The exterior right-wing of the palace was home to a salt room, smoke room, and kitchen where servants and slaves worked to provide meals for the governor’s soirees. There were also gardens from which the palace’s food was cultivated, and beyond that – a maze to further entertain guests. Beyond the palace grounds was an attempted canal, the first of its kind in the United States. Its purpose was to connect the James and York rivers by connecting two of its respective tributaries – Archer’s Creek and Queen’s Creek. The remains of the canal can still be viewed today at the rear of the grounds.

inside Governor's Palace (Lord Dunmore's Palace) - Williamsburg Virginia

While the palace occupied a central position in Williamsburg, and was luxurious by colonial standards, it paled in comparison to Lord Dunmore’s castle back in Scotland and likely contributed to his general apathy towards his role of governor.

Revolutionary Fervor at Raleigh Tavern

The Duke of Gloucester Street is home to numerous taverns, which not only provided (and continues to do so to this day) lodging for visitors, but also played an important role in American history. Raleigh Tavern on the Duke of Gloucester Street hosted reception dinners for British governors. However, during the 1760s, the tavern also served as a salon of sedition for legislators once the House of Burgesses was dissolved by Lord Dunmore.

The tavern was the frequent meeting place of Thomas Jefferson, Patrick Henry, Peyton Randolph, and other American patriots. After the Revolution, the Marquis de Lafayette was entertained at a banquet there in 1824. The building survived in its original form until 1852, when it was burned to the ground by an arsonist. It would be reconstructed on its original site in 1930-31.

The Brick House Tavern, Williamsburg Virginia

Accommodation for Ladies and Gentlemen

The Brick House Tavern can be found on the Duke of Gloucester Street. Built in 1770, the innkeeper, Mary Davis, advertised “12 or 14 very good lodging rooms” and noted that “…any ladies that may choose to spend a few weeks, whether for pleasure or education, may do it here both reasonably and conveniently.” The first-floor rooms were reserved for ladies and the rooms above for gentlemen. In an era where women did not have the same opportunities for comfortable and safe travel as men, the Brick House Tavern would have been a welcome site for travelers in need of lodging.

Picture inside The Brick House

The Brick House Tavern has always provided lodging for guests and is one of the original buildings of Colonial Williamsburg whose original construction has survived.

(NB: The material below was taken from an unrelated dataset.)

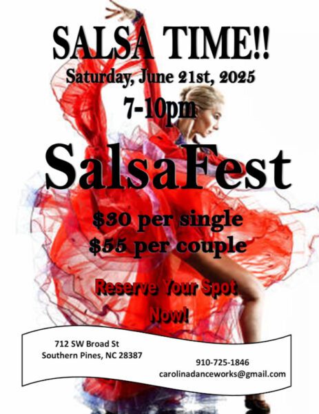 Join Carolina DanceWorks for a Salsa Dance Party on Saturday, June 21st | 7pm-10pm! Enjoy three hours of dancing, fabulous fun for all ages and a free group class. Enjoy Miss Debby’s delicious Taco Bar and two free drinks. For additional details and to register, call 910-725-1846.

Today the tavern offers 16 rooms, all have private, full baths. Downstairs, there is a common room with a fireplace and room for sitting and conversing.

R. Charlton Coffeehouse, Historic Site and Coffee Shop in Williamsburg Virginia.

How Lord Dunmore lost control of Williamsburg

While the people of New England have rightful claim to firing the opening shots of the Revolutionary War, the Virginians also played an important role in the outbreak of hostilities. In April 1775, a dispute arose between Lord Dunmore and the Virginian colonists over a cache of gunpowder being kept in the magazine tower opposite the market green. Knowing that rebellion was in the air, the Virginians had begun to gather resources and instruments of war. Dunmore ordered his royal marines to seize the gunpowder from the magazine and transport it to a Royal Navy ship waiting in the James River.

musket demonstration at Colonial Williamsburg

The Virginians, alarmed to the governor’s actions, were furious. In retaliation, Patrick Henry led a small militia towards Williamsburg to force the return of the gunpowder. In the standoff, Dunmore threatened to declare freedom for the colony’s slaves and raze the town to the ground if attacked. Ultimately, the matter was resolved without conflict when a payment was made to the Virginians as compensation. Dunmore, no longer feeling safe in Virginia, fled to a Royal Navy ship, and attempted to rule the colony from sea.